そういう場合に日本の良人(おっと)達のいう言葉は決まっているのである。

「はっきり宣言しますけれど、とにかく私はまだ舞台をすてることは出来ません。貴方も勉強して今度私の帰る迄には博士になっていて下さいな。とにかく御約束しましょう。貴方が博士になったら、私もそれを機会に帰って来るということに。ね、そうして下さい。」

三浦はいよいよ私の決心が固いと知ると親族会議を開いて私の出発を阻止しようとする。私もそれに対抗して出発を間近に控えた十月の或夜、帝国ホテルに私を後援して下さる知名の士百三十名を招いて、私が再渡米することの是非を聞いたのだった。

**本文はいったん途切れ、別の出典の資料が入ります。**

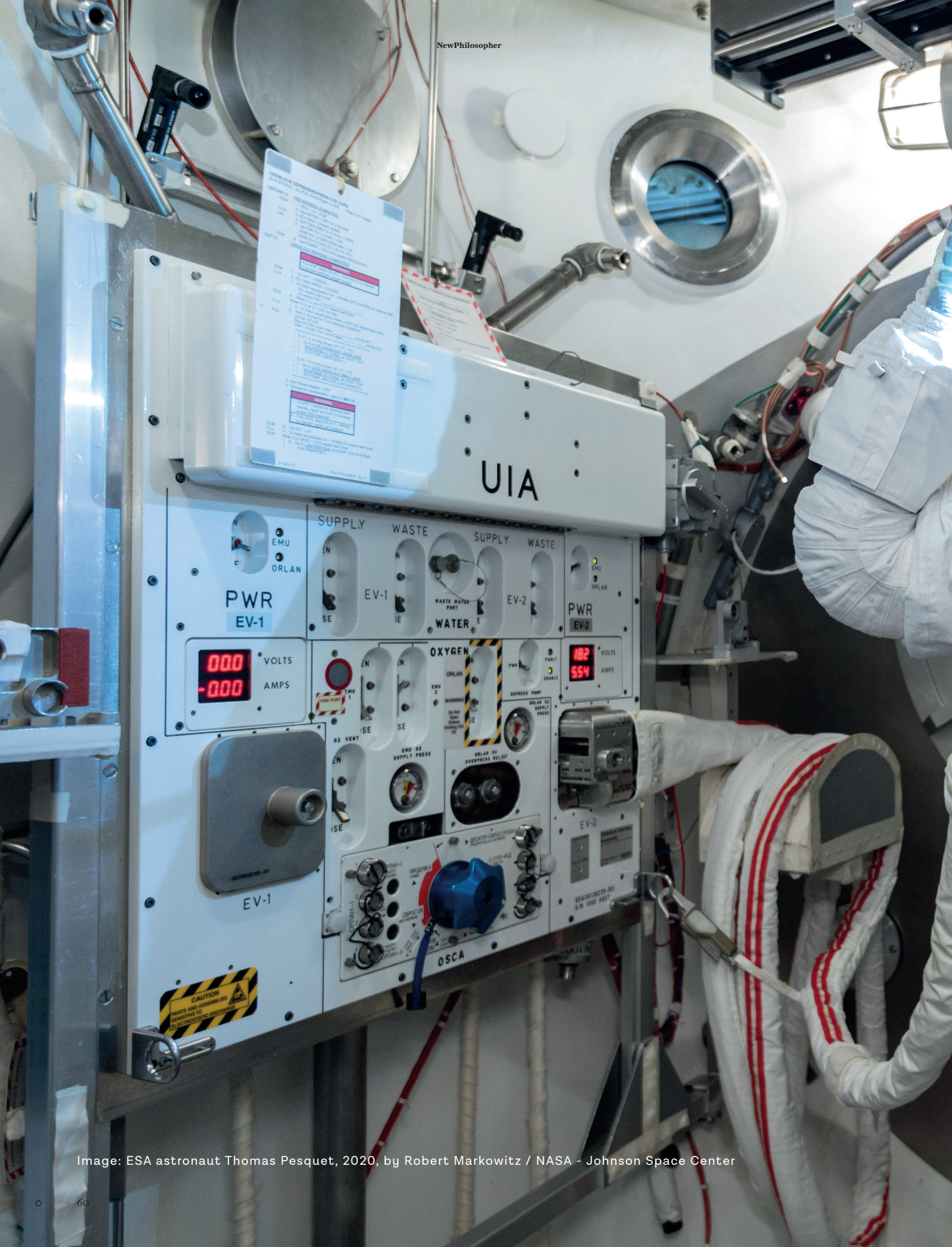
Image: ESA astronaut Thomas Pesquet, 2020

その席上で、鳩山春子夫人だけが私に日本に止まることを主張されたのみで、澁澤さん、大倉さん、浅野總一郎さんなどは、私は再び外国に行って、現在の地位を守るべきだということを主張して下さったのであった。

三浦の憂鬱な気持も私にはよく解る。その気持を考えると私は悲しくさえなるのだ。けれどもまた私自身の気持もやむにやまれないものとして解っては貰えないものであろうか。カルーソウのように舞台に果てることを歌手として誰しも望まぬものはないであろう。そして、オペラは、『お蝶夫人』は、それこそ私の生命なのだ。

結極(けっきょく)、私は十月、ホノルルへ出発することになった。ホノルルでフランケッティを伴奏者から解放すべきことなどという約束づきで、渋々三浦達は納得してくれたのであった。

貴方が博士になる迄、それが私と三浦との別離に交された固い約束だった。三浦の博士論文は九州の帝大に出されてあったので、私は九州へ行った時も、そこの先生達によく頼んで来たものである。

これが、私と三浦との最後の別れになるなどとは、無論私は思いもしなかったのである。